Data records:
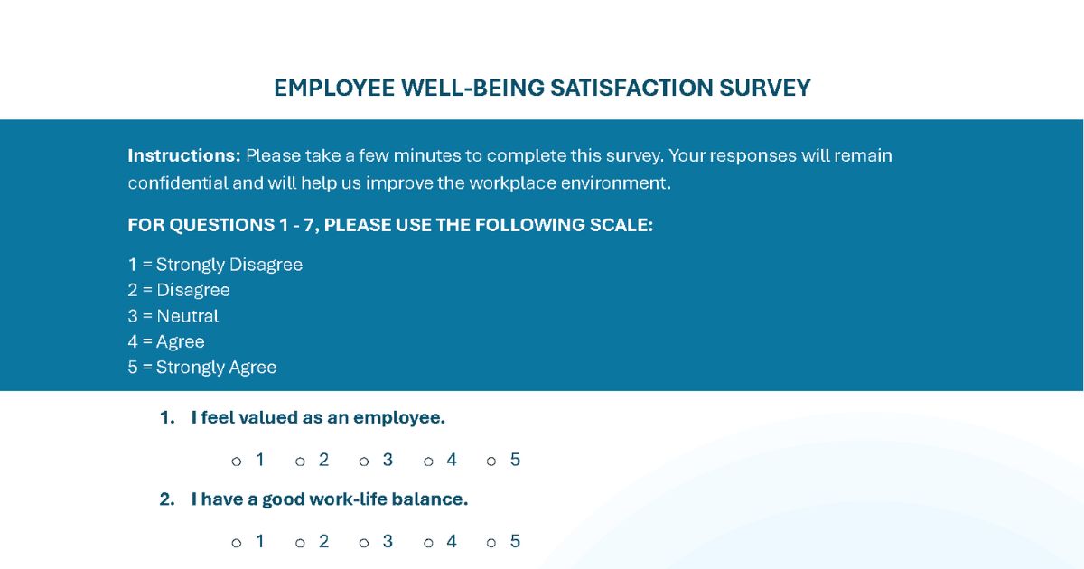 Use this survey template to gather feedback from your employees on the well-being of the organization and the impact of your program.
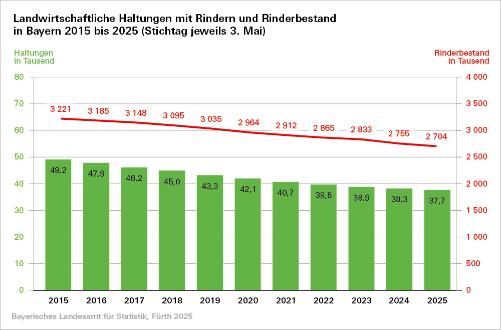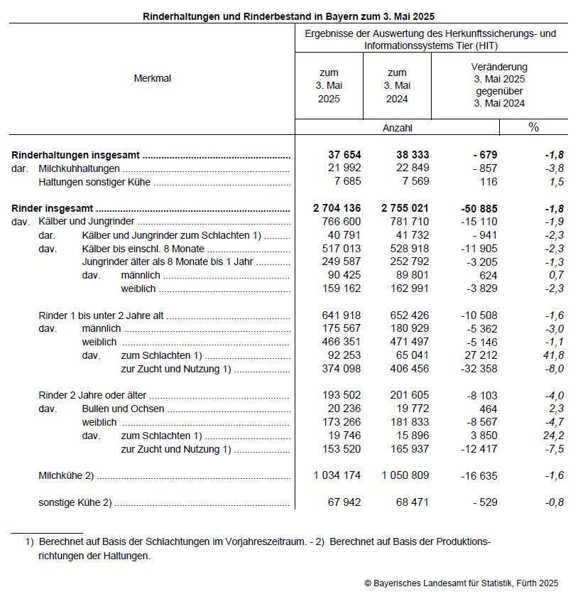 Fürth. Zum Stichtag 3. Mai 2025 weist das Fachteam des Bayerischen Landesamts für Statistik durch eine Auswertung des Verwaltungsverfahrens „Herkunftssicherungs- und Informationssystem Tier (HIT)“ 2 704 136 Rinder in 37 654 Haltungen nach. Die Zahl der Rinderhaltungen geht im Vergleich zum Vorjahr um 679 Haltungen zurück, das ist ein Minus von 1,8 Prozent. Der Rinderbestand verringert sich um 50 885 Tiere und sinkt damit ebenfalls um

==

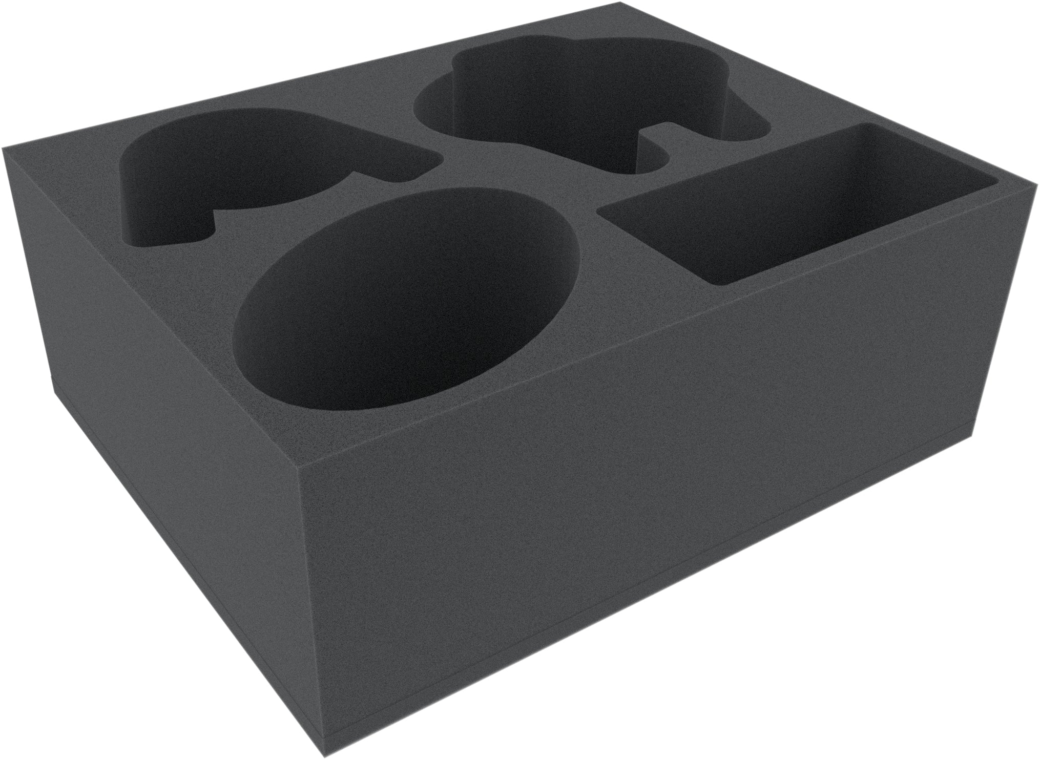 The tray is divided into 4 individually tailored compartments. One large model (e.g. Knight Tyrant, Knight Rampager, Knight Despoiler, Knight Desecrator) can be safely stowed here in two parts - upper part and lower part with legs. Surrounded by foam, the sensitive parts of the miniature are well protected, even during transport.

--

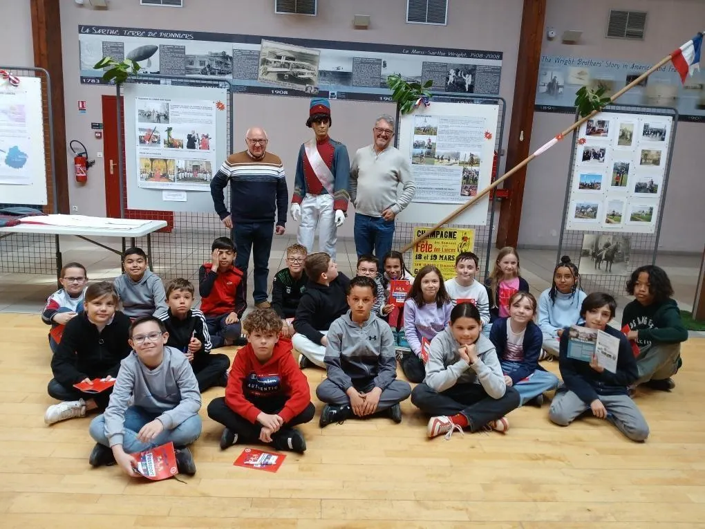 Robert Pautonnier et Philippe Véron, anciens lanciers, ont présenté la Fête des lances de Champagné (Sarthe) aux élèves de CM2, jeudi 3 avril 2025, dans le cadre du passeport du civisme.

Your objective:
Please repeat the lines of the material above exactly, starting with the line that contains "Use this survey" and ending with the line that contains "Fürth. Zum Stichtag". Leave the pictures out.

Answer space:
 Use this survey template to gather feedback from your employees on the well-being of the organization and the impact of your program.
 Fürth. Zum Stichtag 3. Mai 2025 weist das Fachteam des Bayerischen Landesamts für Statistik durch eine Auswertung des Verwaltungsverfahrens „Herkunftssicherungs- und Informationssystem Tier (HIT)“ 2 704 136 Rinder in 37 654 Haltungen nach. Die Zahl der Rinderhaltungen geht im Vergleich zum Vorjahr um 679 Haltungen zurück, das ist ein Minus von 1,8 Prozent. Der Rinderbestand verringert sich um 50 885 Tiere und sinkt damit ebenfalls um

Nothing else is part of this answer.